A new addition to our garden this year, tomatillos, yielded a ample crop, prompting us to search for some new recipes to utilize them. A tasty favorite:
Chicken, corn, and bean chili verde
1 can chicken broth
1 large onion, chopped
3 garlic cloves, minced
3 poblano peppers, seeded and chopped
2 T. olive oil
1 T. chili powder
1 t. ground cumin
3 c. chopped, cooked chicken
1 16-oz. package frozen whole kernel white corn
1 15-oz. can black beans, drained and rinsed
1 15-oz. can small kidney beans, drained and rinsed
2 c. crushed tortilla chips
1/2 c. chopped cilantro
3 T. lime juice
salt, to taste
1/2 t. pepper
Toppings:
tortilla chips, avocado slices, shredded Jack cheese, fresh cilantro sprigs
Bring tomatillos, chicken broth and water to equal 3 c. liquid to a boil in a 3-qt. saucepan; boil 10 minutes.
Meanwhile, sauté onion, garlic, and peppers in hot oil in a large Dutch oven over medium-high heat until tender.
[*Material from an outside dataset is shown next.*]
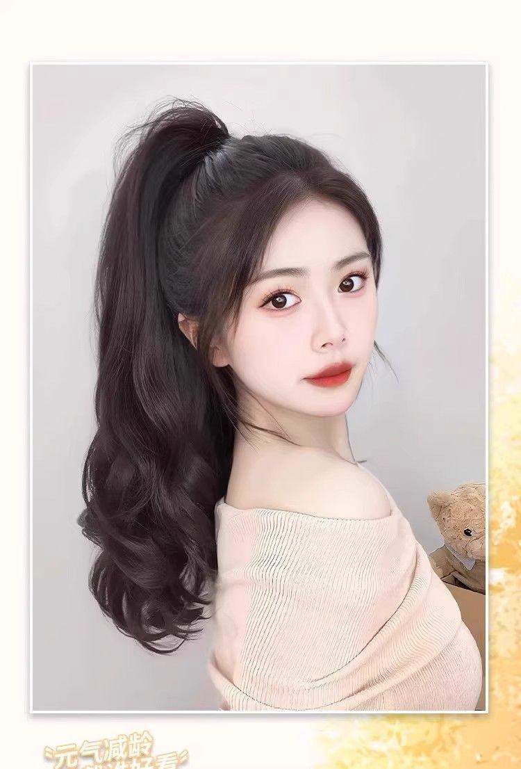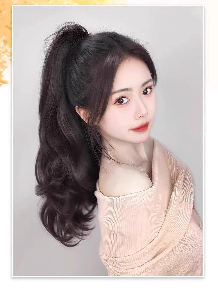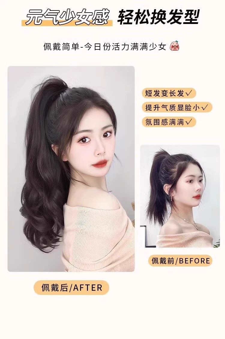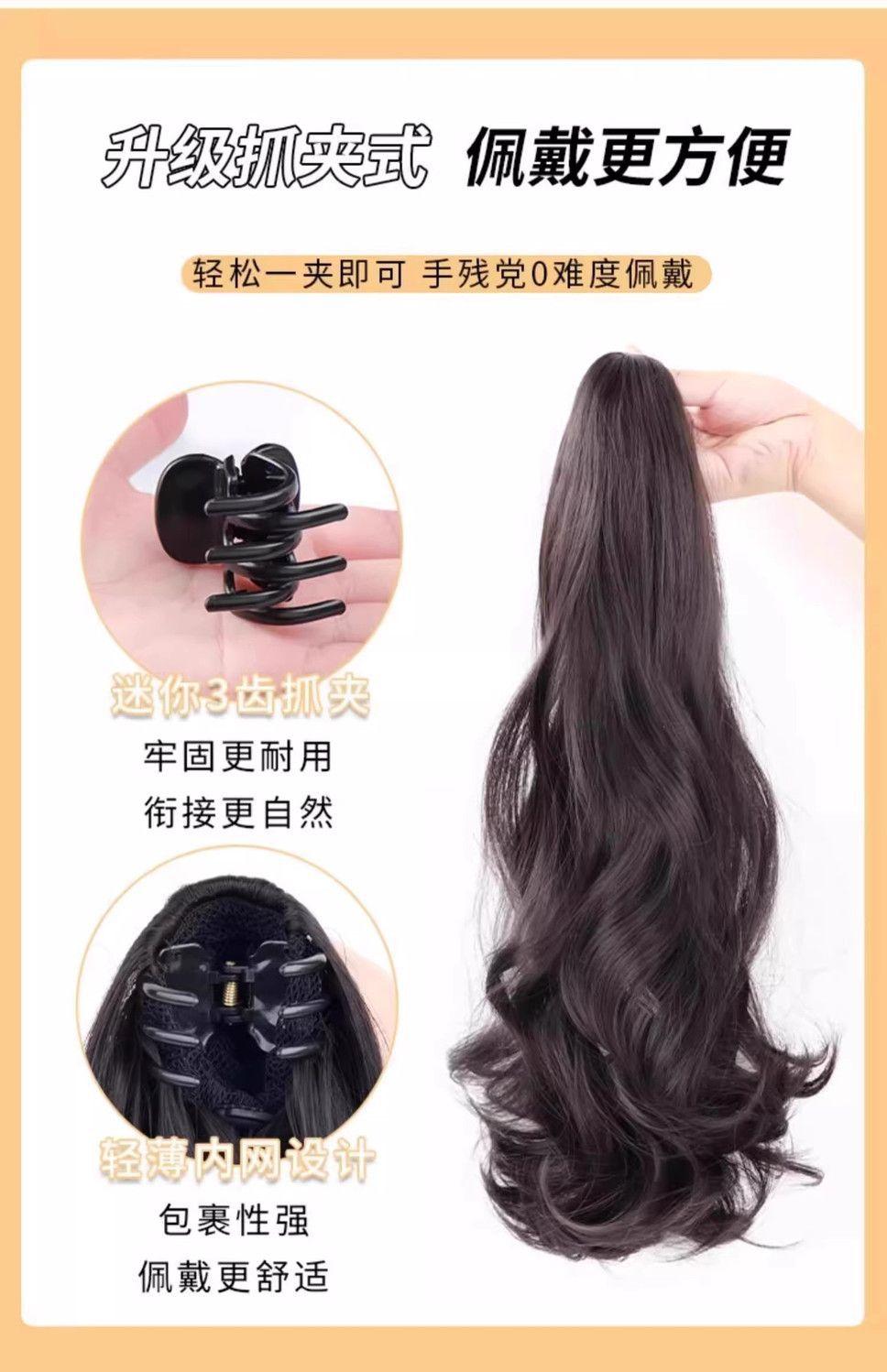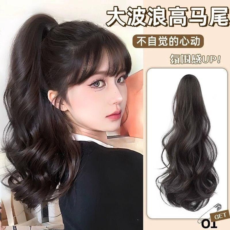Rabo de cavalo com grampo, peruca de cabelo cacheado feminino, onda grande, cabelo comprido, trança, simulação, fofo, rabo de cavalo alto, trança, atacado de fábrica

Add corn; sauté 2 minutes. Add chili powder and cumin.
Remove tomatillo mixture from heat, and cool 5 minutes. Process mixture in a blender until smooth.
Add tomatillo mixture, chicken, corn, and beans to Dutch oven. Cook, stirring occasionally, 15 minutes. Stir in cilantro, lime juice, and salt and pepper to taste; cook 5 minutes or until tortilla chips. Serve with desired toppings.